In 1998, the U.S. Army Corps of Engineers began a study on projects to fix flooding problems. In cooperation with Corps, the Herkimer-Oneida Counties Comprehensive Planning Program (HOCCPP), and DEC began to study non-structural alternatives to prevent flooding. At this time DEC and HOCCPP developed flood management plan. Then in 2005, a study was performed and found that most sediment was caused by bank erosion at about 20 major locations along the creek. The sediment is then deposited which increases the streambed elevation, which reduces its carrying capacity and causes flooding.

In June 2013, in response to major flooding in the area, the NYSDOT along with the DEC, hired Milone and MacBroom, to study the watersheds of thirteen creeks in Herkimer, Oneida and Montgomery Counties, which included Fulmer Creek. Flood prevention projects were proposed and recommendations were made to prevent future floods. The study found that a large amount of steep slopes were prone to sliding, which contributes a large amount of sediment load on the creek. The study also listed three high risk areas that contribute to flooding. The first area is near where State Route 168 crosses the creek twice. The main problem was a large bank failure that was a major contributor to fine and course sediments and threatened the house and property located at the top of the bank failure on Casey Road. The bank failure was about 550 ft, and was approximately 220 ft. Work began on this section in early 2020. The project moved the creek channel away from the bank, and added 2,500 tons of boulder, 2,000 tons of retaining rock, and 2,700 tons of stackable boulder. Also willow trees were added to further prevent erosion. During the project a large pump was used to bypass the work area, which allowed work to be completed on both sides of the stream without interrupting flow.

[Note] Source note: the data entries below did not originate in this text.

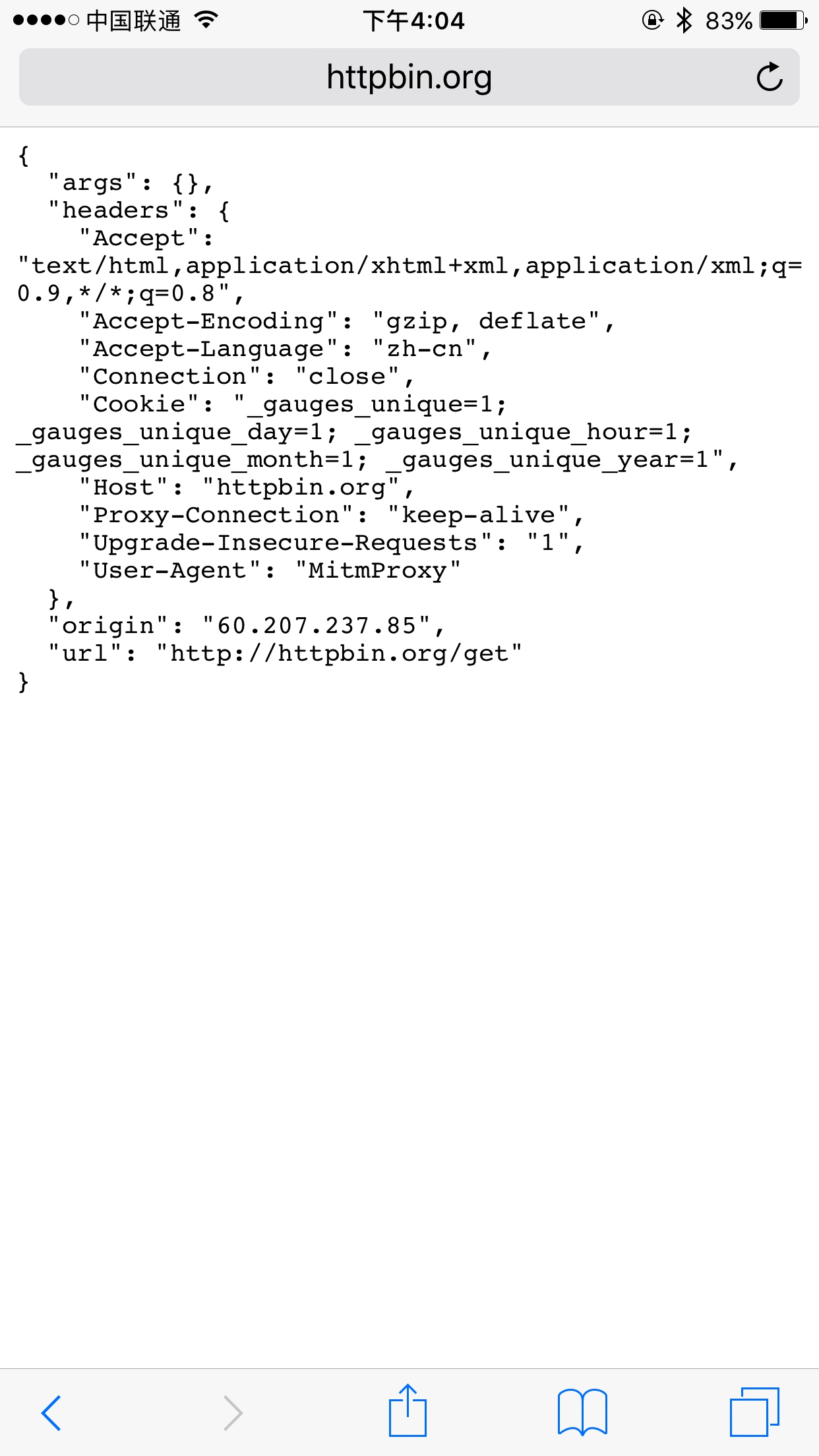 运行之后我们在手机端访问 http://httpbin.org/get,就可以看到有如下情况发生。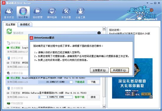 在下载过程中突然断网怎么办?特别是在更新网卡驱动或是升级过程中的意外断线情况更是多见。驱动精灵软件实现了对网络状态的自动判断,如果网络能够 迅速得以恢复,驱动精灵也会继续开始文件的续传工作。如果长时间未能连接网络,驱动精灵将通过提示窗口的方式告知用户问题。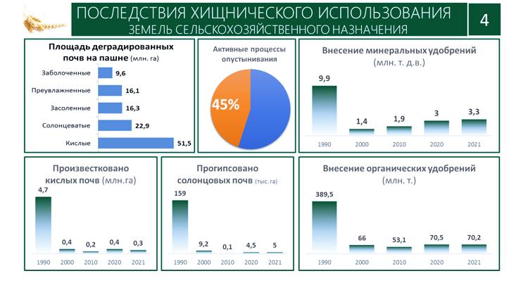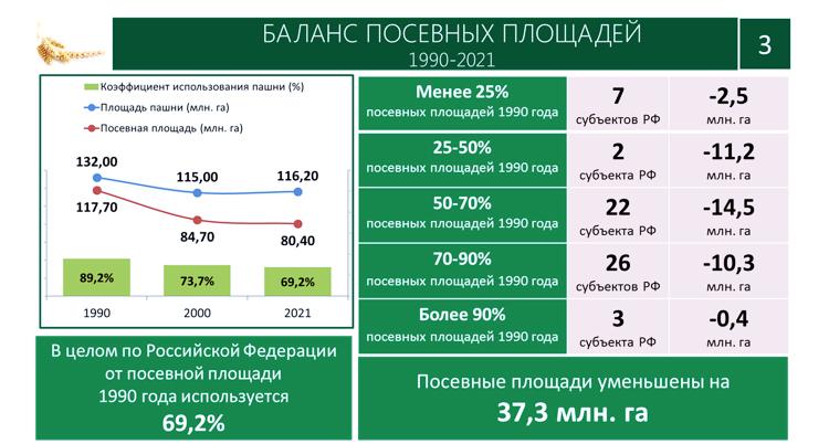 В целом же по России мы потеряли больше 254 млн. га земель сельскохозяйственного назначения, из севооборота выбыло 37 млн. га! И этот процесс, к сожалению, продолжается.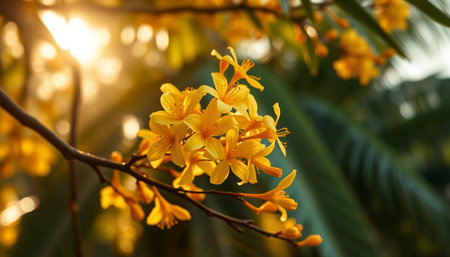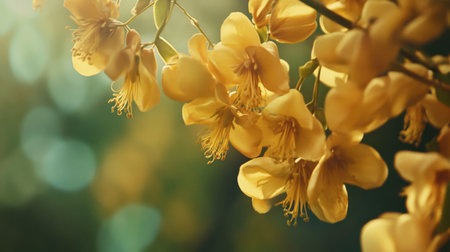 Close-up of delicate yellow flower blossoms against a soft blur background. This enchanting image captures the essence of nature's beauty and tranquility.
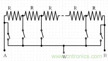图3:显示电子开关的64位数字电位计。同一时间只能闭合一个电子开关,该开关决定电阻比。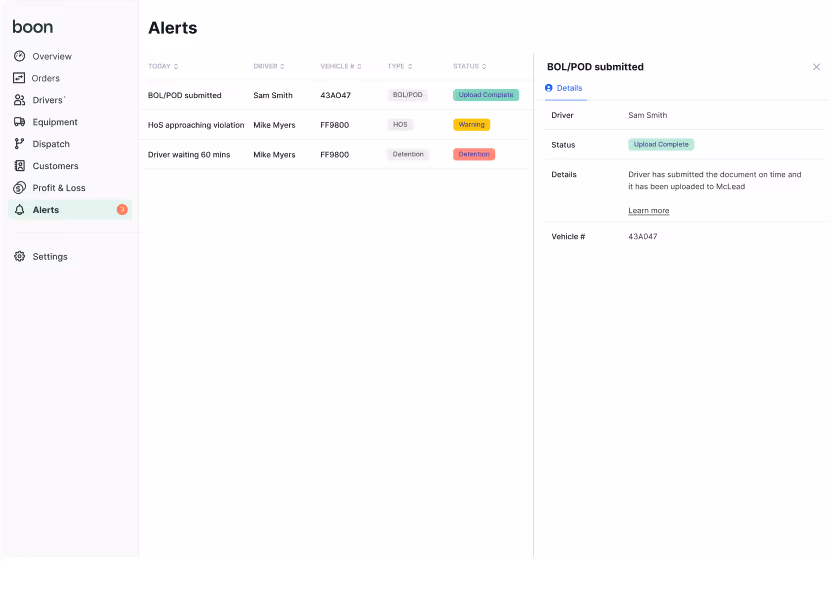 Connect Boon to your telematics provider and automatically remind your driver to submit BOL and POD when they get to the delivery location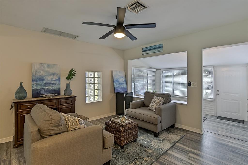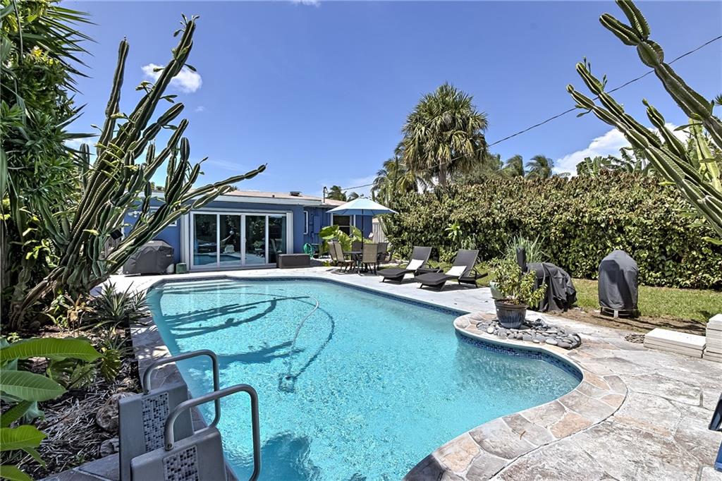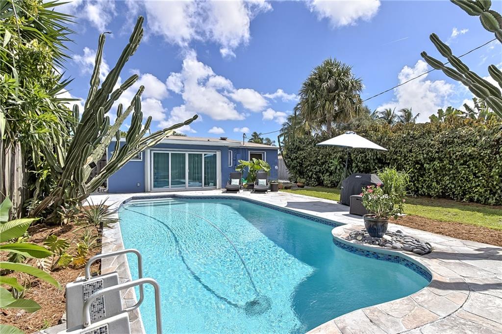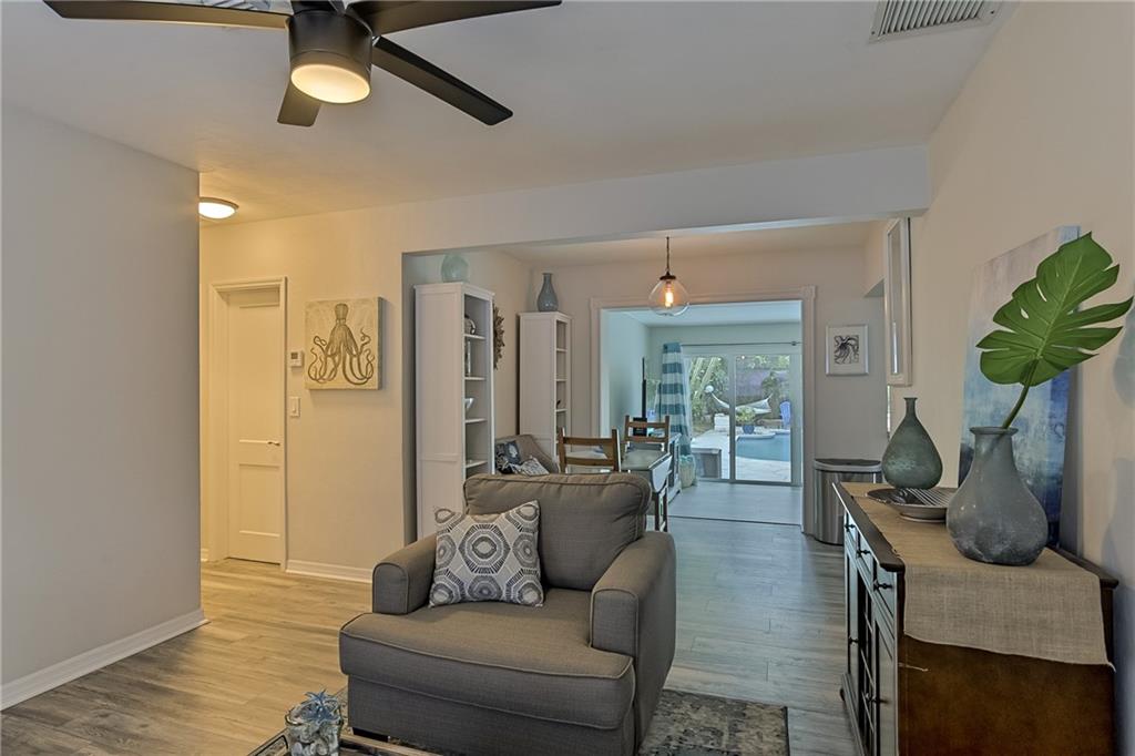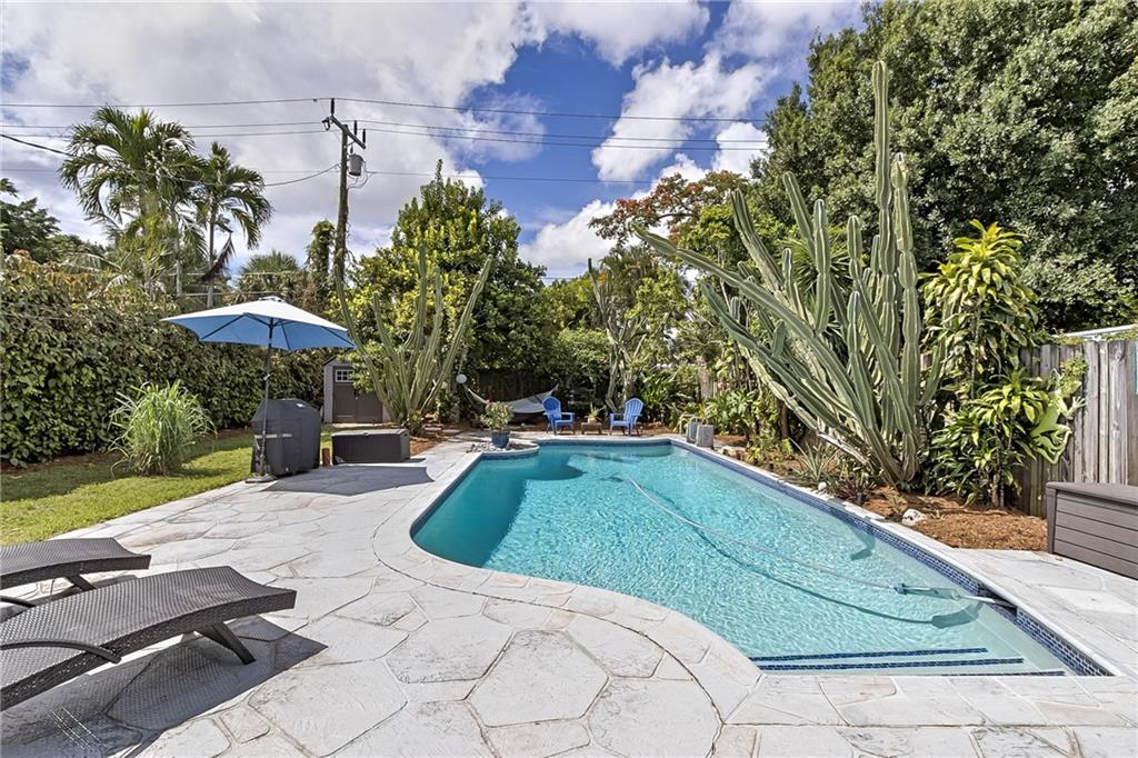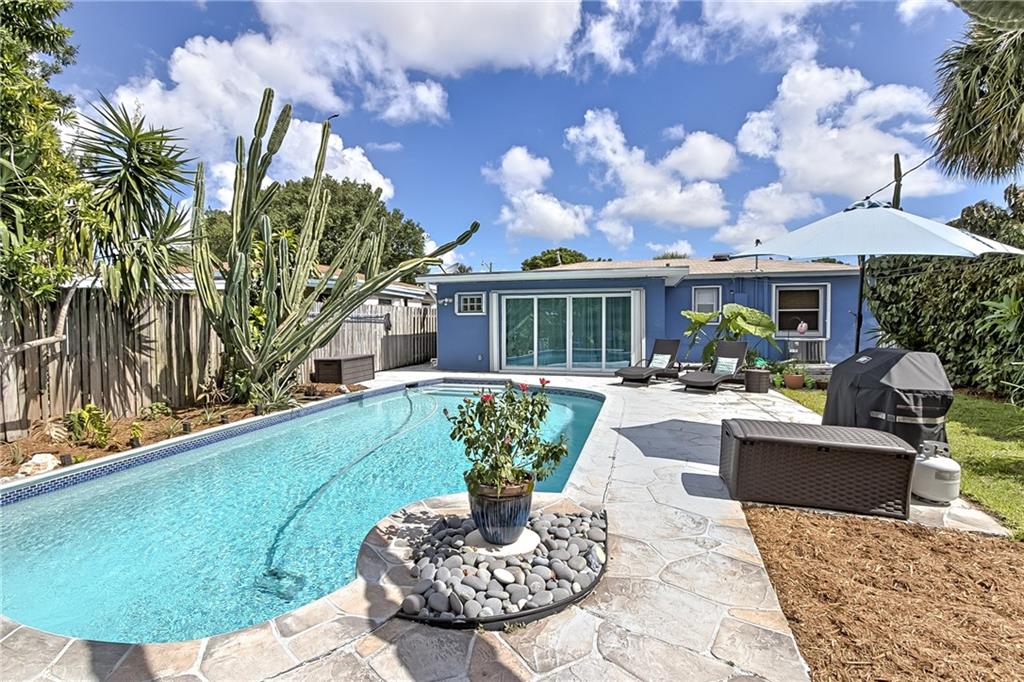 Remodeled 2 bedroom 1 bath spacious pool home. Newer kitchen with granite counters,gas stove & upgraded appliances. Home offers room at entrance that can be used as an office or sitting area, living room, dining & family room. Family room has sliders that lead out to the pool. Bathroom recently completely remodeled with walk in shower. Newer engineered wood flooring throughout entire home. Home has hurricane protection for windows and doors. Recently painted inside and out for nice fresh look. Large backyard with big pool that was recently resurfaced & also with new pump and filter system. Water heater and central a/c are newer as well. Double wide driveway is newer with one car carport. Washer and dryer are in carport area. Nice residential area close to downtown and airport. SHOWS WELL!

The second high risk area was the section of the creek from Leatherstocking Trailer Park to where the creek passed under State Route 28. During the June 2013 flood, most of the trailers in the Leatherstocking park were seriously damaged, and some were completely destroyed. This section of the creek also experienced flooding in February 2014 due to an ice jam. This area also contained a large bank failure which was also a major contributor. This bank failure was about 300 ft at its base, and was approximately 140 ft, which was less severe than the first area. If this section hadn't been rebuilt, the erosion would have effected the run-away truck ramp on State Route 28.

The third area was the section from Devendorf Street to slightly downstream of West Main Street. The major problem in this section was high amounts of sediment accumulation, which decreases flow capacity. Houses along Firman Street and Mohawk Central Valley School have received flood damage in the past. After the flood, dredging was performed to restore some of the creeks capacity. The project was approved and reconstruction on this section began in early summer of 2019, and concluded by the end of the year. The $1.4 million project completed by The Hubbell Companies, reconstructed the section, which eliminated a few houses and Harter Street, which ran along the section that was reconstructed.